Shepard hums noncommittally, and after a few minutes of silence, I'm starting to wonder if she's fallen asleep. I let my own eyes drift closed and tighten my hold on her, when suddenly there's a tired mumbled into my shoulder.

"What happens to me? You said I died, right?"

"You die…were supposed to die," I confirm hesitantly. "Over Alchera. They find your helmet and your dog tags, and not much else." There's a little pause as I fight to swallow the lump in my throat. "It's…it's got to do with why I went to Cerberus."

"Because I was dead?" she asks, her voice catching just a tiny little bit.

"No. Yes. I mean…" hell, I don't know what I mean, but I can't just tell her that the fate of the galaxy rests on her shoulders. That kind of pressure would crush anyone, and even the indomitable Jane Shepard would be affected by it, and I'm not ready to change history in that kind of manner. But maybe…

I roll over and wrap my other arm around her waist, trying to hold her as close as I can. Okay, now, don't get distracted by her. By the way the warmth of her body is coming through both our clothes, by the smell of her hair, by the…okay, stop. Focus. "The galaxy needs Jane Shepard. Only a few people ever have the good fortune to be able to make a difference in the grand scheme of things. To utterly change the course of history. I knew, from the moment I met you, that you were probably one of them. That's why I stuck so close to you, that's why I went for a posting on the Normandy. I just…never expected to end up here, right where we are now."

"So you went with me in the hopes of preventing my death?" she asks, a little confused.

"No." Licking my dry lips a little, I prepare to add yet another impossible thing to the list of items I'm telling her. "The reason, a big part of the reason I went to Cerberus was because of the role they would play later on in the conflict with the Reapers. Their most important, most productive contribution…was bringing you back from the dead."

"That's impossible," she snorts.

"I thought so, too, until you pull a Lazarus. Literally. Project Lazarus, funded and paid for by Cerberus, is an initiative to make sure that you don't die without fulfilling your destiny, or somesuch nonsense. Seems they believe that after Saren and the Citadel, you are the key to humanity surviving the Reapers." I search her eyes for any hint of what she's thinking, but they're unreadable. Seriously, never play poker against her, that woman might as well be a Vulcan sometimes. "But what Cerberus is thinking or why they did it is secondary. I don't know how they achieved it, or how much it cost, but they did it, and I don't care about much else. They brought you back and they give you a ship and crew to fight the Collectors and the Reapers with. That is why I sought out Cerberus." And, I keep to myself, it was kind of convenient with Miranda waltzing right into the C-Sec interrogation room like that.

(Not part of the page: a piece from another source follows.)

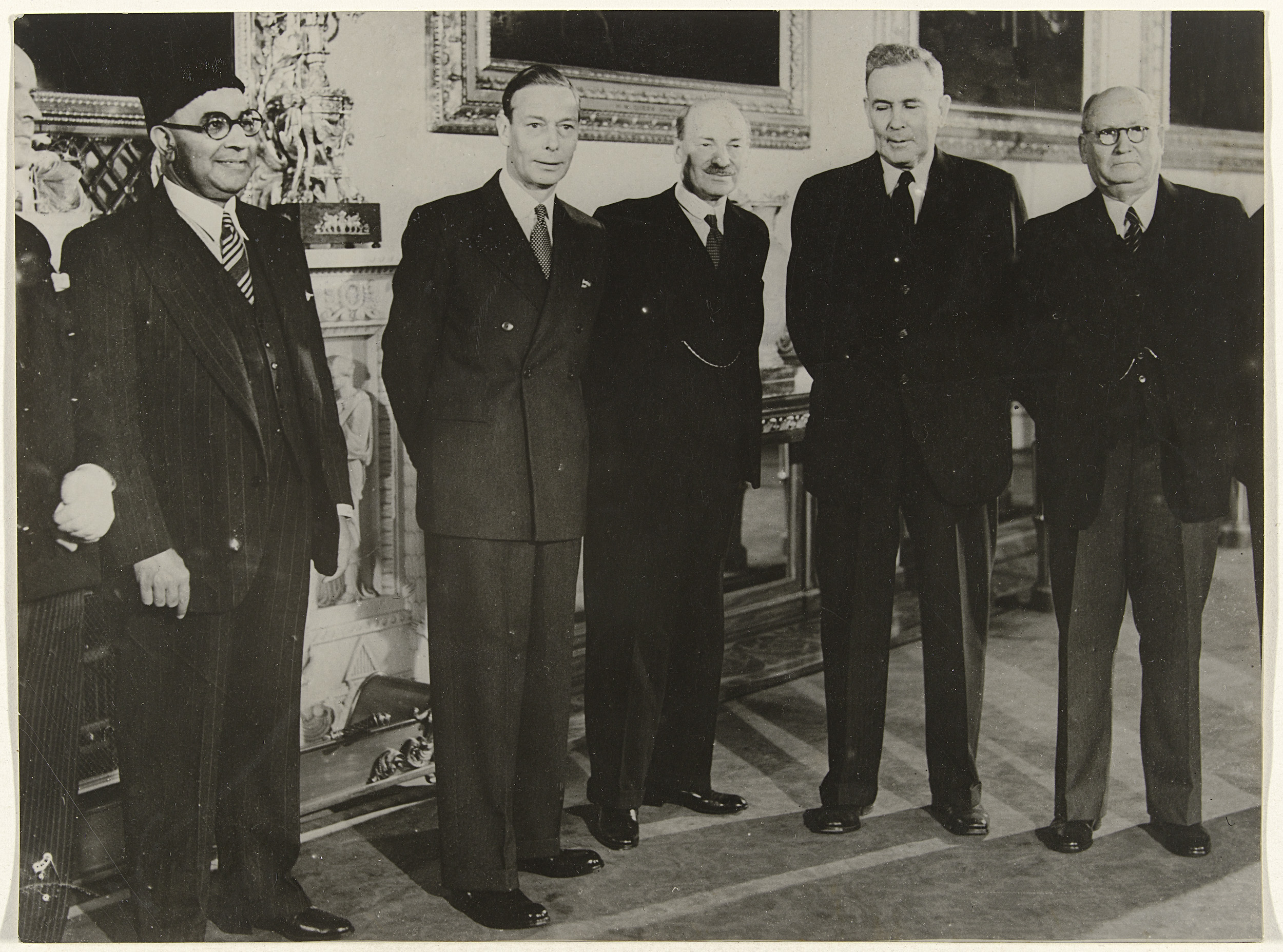 Minister presidenten Attlee, Ali Khan, Chifley en Ma...

Shepard is silent after that, and I can't really fault her. Expected it, even, because it's not every day that you're told that you're supposed to be dead. Not to mention all the other crap I dumped on her earlier and my half-assed, half-truth explanation. Just the fact that we're here, together, and that she's still listening is a good sign. Heavens know why she hasn't tossed my sorry ass out yet, but I'm not going to question my good fortune this one time. But maybe, just maybe, this one time, Q was wrong.

It's like this that we both fall asleep, tired, silent, and lost in thought next to each other.